■ Goal of the exercise:
Answer with the exact lines of the following material from the one containing "1. Locate the" through the one containing "The dining table", both end lines included.

■ Data supplied:
· · · ·

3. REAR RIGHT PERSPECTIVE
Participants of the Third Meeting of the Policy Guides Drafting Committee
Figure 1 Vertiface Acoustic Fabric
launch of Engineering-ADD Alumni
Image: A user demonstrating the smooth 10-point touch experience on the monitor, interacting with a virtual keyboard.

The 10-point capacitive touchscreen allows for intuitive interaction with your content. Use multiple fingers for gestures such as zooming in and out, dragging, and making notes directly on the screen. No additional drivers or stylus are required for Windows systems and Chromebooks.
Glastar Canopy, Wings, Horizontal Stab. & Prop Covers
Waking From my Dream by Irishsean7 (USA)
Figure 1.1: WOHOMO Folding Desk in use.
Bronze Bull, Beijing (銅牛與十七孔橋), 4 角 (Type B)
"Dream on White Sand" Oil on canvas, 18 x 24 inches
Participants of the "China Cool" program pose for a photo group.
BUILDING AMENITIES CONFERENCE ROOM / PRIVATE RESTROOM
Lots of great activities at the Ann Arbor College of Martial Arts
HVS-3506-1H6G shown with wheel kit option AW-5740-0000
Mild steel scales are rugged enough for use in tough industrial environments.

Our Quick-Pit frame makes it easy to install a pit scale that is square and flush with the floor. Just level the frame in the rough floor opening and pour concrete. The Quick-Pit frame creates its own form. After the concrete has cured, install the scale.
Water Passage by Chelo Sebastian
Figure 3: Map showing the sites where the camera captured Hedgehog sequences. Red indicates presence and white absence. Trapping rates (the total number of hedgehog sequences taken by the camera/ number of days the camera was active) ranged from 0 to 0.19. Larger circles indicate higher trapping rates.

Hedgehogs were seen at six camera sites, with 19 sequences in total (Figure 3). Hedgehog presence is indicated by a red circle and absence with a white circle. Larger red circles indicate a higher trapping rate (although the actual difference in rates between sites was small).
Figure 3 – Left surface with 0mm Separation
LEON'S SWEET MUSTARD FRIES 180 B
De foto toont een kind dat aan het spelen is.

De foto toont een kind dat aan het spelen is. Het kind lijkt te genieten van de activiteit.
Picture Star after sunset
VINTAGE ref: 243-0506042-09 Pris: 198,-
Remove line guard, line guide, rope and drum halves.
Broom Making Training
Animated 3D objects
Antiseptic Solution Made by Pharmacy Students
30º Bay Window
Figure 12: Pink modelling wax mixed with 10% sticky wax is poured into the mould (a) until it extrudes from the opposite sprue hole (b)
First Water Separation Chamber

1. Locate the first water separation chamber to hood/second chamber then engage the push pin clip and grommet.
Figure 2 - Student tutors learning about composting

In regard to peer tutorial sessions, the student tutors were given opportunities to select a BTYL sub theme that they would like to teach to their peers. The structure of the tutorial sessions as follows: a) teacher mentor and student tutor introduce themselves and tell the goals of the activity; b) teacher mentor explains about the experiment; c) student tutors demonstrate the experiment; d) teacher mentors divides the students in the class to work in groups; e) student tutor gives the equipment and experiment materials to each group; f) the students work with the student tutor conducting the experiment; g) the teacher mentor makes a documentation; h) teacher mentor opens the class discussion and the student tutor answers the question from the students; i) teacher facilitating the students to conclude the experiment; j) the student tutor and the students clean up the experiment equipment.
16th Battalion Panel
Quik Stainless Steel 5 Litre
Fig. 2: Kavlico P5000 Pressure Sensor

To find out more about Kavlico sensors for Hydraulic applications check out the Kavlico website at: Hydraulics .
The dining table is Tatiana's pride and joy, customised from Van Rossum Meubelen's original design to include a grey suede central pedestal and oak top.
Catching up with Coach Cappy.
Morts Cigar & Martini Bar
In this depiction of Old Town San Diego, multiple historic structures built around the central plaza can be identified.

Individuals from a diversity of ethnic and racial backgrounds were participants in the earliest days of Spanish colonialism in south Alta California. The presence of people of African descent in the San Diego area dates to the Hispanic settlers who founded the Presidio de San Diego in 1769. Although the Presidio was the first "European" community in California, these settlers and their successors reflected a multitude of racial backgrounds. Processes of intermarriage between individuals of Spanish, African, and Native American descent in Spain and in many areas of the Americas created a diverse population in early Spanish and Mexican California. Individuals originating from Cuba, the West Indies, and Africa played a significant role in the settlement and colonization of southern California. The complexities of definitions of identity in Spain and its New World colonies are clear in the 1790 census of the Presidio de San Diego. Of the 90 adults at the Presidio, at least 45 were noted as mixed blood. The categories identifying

· · · ·

■ Completed task:
1. Locate the first water separation chamber to hood/second chamber then engage the push pin clip and grommet.
Figure 2 - Student tutors learning about composting

In regard to peer tutorial sessions, the student tutors were given opportunities to select a BTYL sub theme that they would like to teach to their peers. The structure of the tutorial sessions as follows: a) teacher mentor and student tutor introduce themselves and tell the goals of the activity; b) teacher mentor explains about the experiment; c) student tutors demonstrate the experiment; d) teacher mentors divides the students in the class to work in groups; e) student tutor gives the equipment and experiment materials to each group; f) the students work with the student tutor conducting the experiment; g) the teacher mentor makes a documentation; h) teacher mentor opens the class discussion and the student tutor answers the question from the students; i) teacher facilitating the students to conclude the experiment; j) the student tutor and the students clean up the experiment equipment.
16th Battalion Panel
Quik Stainless Steel 5 Litre
Fig. 2: Kavlico P5000 Pressure Sensor

To find out more about Kavlico sensors for Hydraulic applications check out the Kavlico website at: Hydraulics .
The dining table is Tatiana's pride and joy, customised from Van Rossum Meubelen's original design to include a grey suede central pedestal and oak top.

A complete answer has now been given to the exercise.